244	0.688	32.351	0.691	32.261	12.477	0.331	0.771
245	0.594	32.311	0.648	32.265	13.552	1.552	0.790
246	0.627	32.218	0.671	32.307	11.621	-1.219	0.756
247	0.587	32.825	0.536	32.854	12.574	1.978	0.941
248	0.584	32.353	0.653	32.367	13.869	-1.642	0.805

Table 3: Cluster catalog produced directly by the generator.

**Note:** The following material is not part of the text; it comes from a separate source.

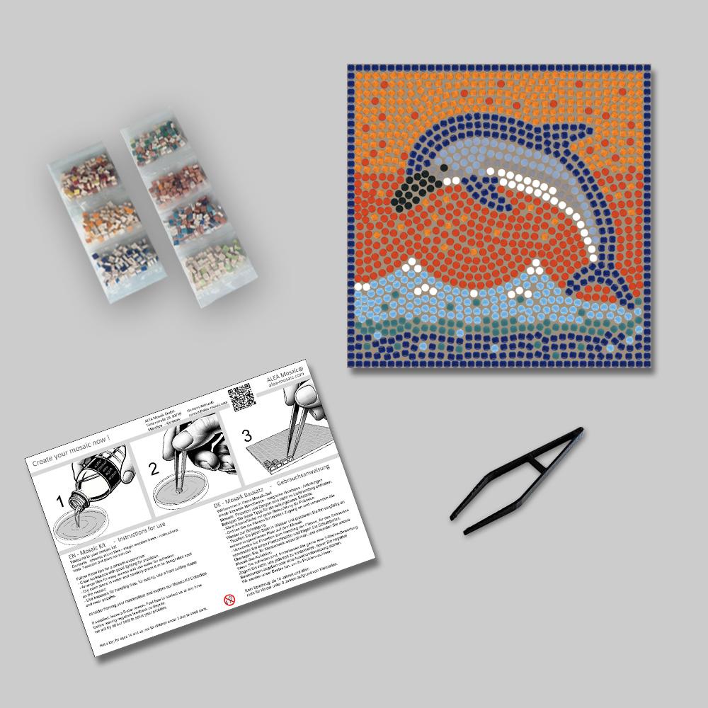 Kit de Mosaïque Artisanale 20x20 cm Complet dauphin joyeux

The member generator can then populate any host catalog carrying the ra, dec, z_true, lnM_true and r_Delta columns, via nc_halo_catalog_member_generator_generate:

member_gen = Nc.HaloCatalogMemberGenerator.new(hod)
member_hcat = member_gen.generate(hcat, mset, Ncm.RNG.seeded_new(None, 3))
print(f"{member_hcat.len()} members generated.")

850 members generated.

Summary

We generated a linked cluster and member mock entirely from NumCosmo C objects: the cluster abundance and proxies produce the cluster catalog, a halo occupation distribution populates each cluster with galaxies, and MockPipeline returns both as astropy tables linked by id. These catalogs feed naturally into the Sky Match tools and the cluster number-counts likelihood.

API Reference

The objects used in this tutorial:

catalogs: NcHaloCatalog, NcmCatalog
generators: NcHaloCatalogGenerator (nc_halo_catalog_generator_set_footprint, nc_halo_catalog_generator_set_with_radius, nc_halo_catalog_generator_generate) and NcHaloCatalogMemberGenerator (nc_halo_catalog_member_generator_generate)
occupation: NcGalaxyHOD, NcGalaxyHODZheng07
footprint: NcmSkyFootprint, NcmSkyFootprintRectangular
abundance and proxies: NcClusterAbundance, NcClusterMassLnnormal, NcClusterPhotozGaussGlobal

The Python-level helpers MockPipeline and catalog_to_table live in the numcosmo_py.catalog subpackage.